Ecological footprint mewakili kebutuhan kapital alam yang sangat

diperlukan dari suatu populasi dalam artian luasan lahan yang produktif secara ekologis. Luas lahan footprint tersebut bergantung pada besarnya populasi, standar hidup material, pemanfaatan teknologi, dan produktivitas ekologis (Wackernagel et al., 1999). Untuk sebagian besar wilayah yang telah maju (daerah industri) sebagian lahan footprint ini melebihi yang tersedia di tempat (wialayah lokal) tersebut. Hal ini berarti memerlukan bantuan kecukupan

(appropriation) dari daya dukung (carrying capacity) dunia (global). Ditekankan

oleh Wackernagel et al. (1999) ecological footprint tidak bias tumpang tindih

(overlap), daya dukung lingkungan yang dialokasikasikan untuk kecukupan

(appropriated) seseorang (atau satuan ekonomi) tidak bisa tersedia bagi orang

lain. Dengan demikian orang-orang berkompetisi (bersaing) untuk ecological

space. Perhitungan ecological footprint didasarkan pada 2 fakta sederhana :

pertama adalah bahwa semua sumberdaya yang dihabiskan (konsumsi) dan

limbah yang dihasilkan dapat ditelusuri; dan kedua, kebanyakan aliran

sumberdaya dan limbah tersebut dapat dikonversi ke luasan lahan yang secara biologis produktif yang diperlukan untuk mengakomodasi fungsi-fungsi (produksi

dan penyerapan limbah) tersebut. Dengan demikian ecological footprint

Ecological footprint telah digunakan untuk menghitung lahan yang diperlukan untuk kecukupan kebutuhan ekologis seseorang baik pada tingkat lokal, negara, regional, dan bahkan dunia. Konsep ini juga telah digunakan sebagai indikator yang mengukur pasokan (supply) dan permintaan (demand)
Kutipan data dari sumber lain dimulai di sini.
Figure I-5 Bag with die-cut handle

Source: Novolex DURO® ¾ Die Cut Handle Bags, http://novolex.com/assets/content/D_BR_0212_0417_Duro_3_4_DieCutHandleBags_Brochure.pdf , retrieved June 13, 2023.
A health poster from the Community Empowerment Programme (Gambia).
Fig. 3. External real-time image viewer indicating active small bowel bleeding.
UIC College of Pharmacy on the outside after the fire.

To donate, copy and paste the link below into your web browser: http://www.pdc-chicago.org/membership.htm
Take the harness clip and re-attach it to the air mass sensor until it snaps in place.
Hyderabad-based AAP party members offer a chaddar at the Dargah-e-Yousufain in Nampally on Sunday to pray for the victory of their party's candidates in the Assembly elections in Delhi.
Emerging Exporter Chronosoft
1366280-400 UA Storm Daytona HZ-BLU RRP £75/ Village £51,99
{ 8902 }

sumberdaya alam yang dapat pulih (renewable resources) untuk menjamin

keberlanjutan (sustainability) sistem manusia. Namun demikian konsep

ecological footprint juga telah dikritik kelemahannya pada saat digunakan sebagai

indeks keberlanjutan sistem produksi akuakultur (Roth et al., 2000) dalam PKSPL (2005).
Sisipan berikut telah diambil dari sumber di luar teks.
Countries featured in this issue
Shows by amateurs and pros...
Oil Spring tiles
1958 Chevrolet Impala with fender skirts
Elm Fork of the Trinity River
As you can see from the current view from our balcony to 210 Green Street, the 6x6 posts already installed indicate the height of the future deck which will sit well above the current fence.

2.3 Pembangunan dan Kemiskinan

Perkembangan teori pembangunan hadir setelah teori-teori tentang kapitalisme. Oleh karena dalam banyak pembahasannya, teori pembangunan lebih banyak dipengaruhi oleh perkembangan teori kapitalisme, baik yang mendukung maupun para pengkritiknya. Sejak kaum merkantilis dan Adam Smith, Ricardo dan Thomas Maltus sampai Marx, Keynes, Paul Baran sampai Gunnar Myrdal dan Amarty Sen, banyak membicarakan tentang pembangunan ekonomi. Pemikiran pembangunan tersebut selanjutnya oleh Damanhuri (1997) diklasifikasi dalam tiga jenis pemikiran yaitu teori liberal, teori kritis atau radikal dan teori heterodox. Pandangan para pemikir ekonomi tersebut senantiasa mengkaitkan dengan perkembangan politik. Deliarnov (2005) mengklasifikasi para pemikir ekonomi politik dengan melihat sejarah pemikiran ekonomi dalam beberapa jenis meliputi ekonomi politik liberal klasik, sosialisme, neo klasik, strukturalisme dan dependensia, kelembagaan, ekonomi politik baru dan neo liberalisme.
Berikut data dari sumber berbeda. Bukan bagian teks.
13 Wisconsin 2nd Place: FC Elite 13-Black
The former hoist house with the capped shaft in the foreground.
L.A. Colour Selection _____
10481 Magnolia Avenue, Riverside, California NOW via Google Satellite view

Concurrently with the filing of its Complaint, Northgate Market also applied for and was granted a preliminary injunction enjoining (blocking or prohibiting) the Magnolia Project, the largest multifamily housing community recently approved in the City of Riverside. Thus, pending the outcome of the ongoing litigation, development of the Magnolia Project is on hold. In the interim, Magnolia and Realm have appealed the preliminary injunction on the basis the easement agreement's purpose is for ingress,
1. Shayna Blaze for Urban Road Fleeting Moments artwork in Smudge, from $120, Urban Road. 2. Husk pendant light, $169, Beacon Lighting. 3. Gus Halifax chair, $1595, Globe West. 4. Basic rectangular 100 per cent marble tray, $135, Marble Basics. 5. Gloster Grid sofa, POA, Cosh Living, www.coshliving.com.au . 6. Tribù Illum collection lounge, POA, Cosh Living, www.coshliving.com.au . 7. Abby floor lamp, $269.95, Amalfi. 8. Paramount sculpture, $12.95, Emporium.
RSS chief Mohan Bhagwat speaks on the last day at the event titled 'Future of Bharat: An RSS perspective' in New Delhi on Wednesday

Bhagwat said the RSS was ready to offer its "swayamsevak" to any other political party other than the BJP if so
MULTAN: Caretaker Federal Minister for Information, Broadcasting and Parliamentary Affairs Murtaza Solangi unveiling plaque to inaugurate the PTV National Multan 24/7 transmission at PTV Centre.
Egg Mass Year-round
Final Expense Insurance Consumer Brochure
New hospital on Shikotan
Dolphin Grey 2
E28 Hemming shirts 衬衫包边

Namun perbedaannya, sejak zaman merkantilis, Adam smith, Marx dan Keynes, perhatian kepada pembangunan ekonomi lebih bersifat statis dan umumnya dikaitkan dengan kerangka acuan lembaga budaya atau sosial eropa barat. Baru sejak tahun empat puluhan atau tepatnya pasca perang dunia II yang ditandai dengan kebangkitan gelombang politik bangsa Asia-Afrika, para ahli ekonomi banyak mencurahkan perhatiannya pada masalah negara terbelakang. Bagi negara-negara tersebut kemiskinan di suatu tempat merupakan bahaya bagi

kemakmuran di manapun (Jhingan, 1975). Bagi Meier dan Baldwin dalam

Jhingan (1975) pengkajian mengenai kemiskinan bangsa-bangsa bahkan lebih terasa mendesak daripada pengkajian kemakmurannya.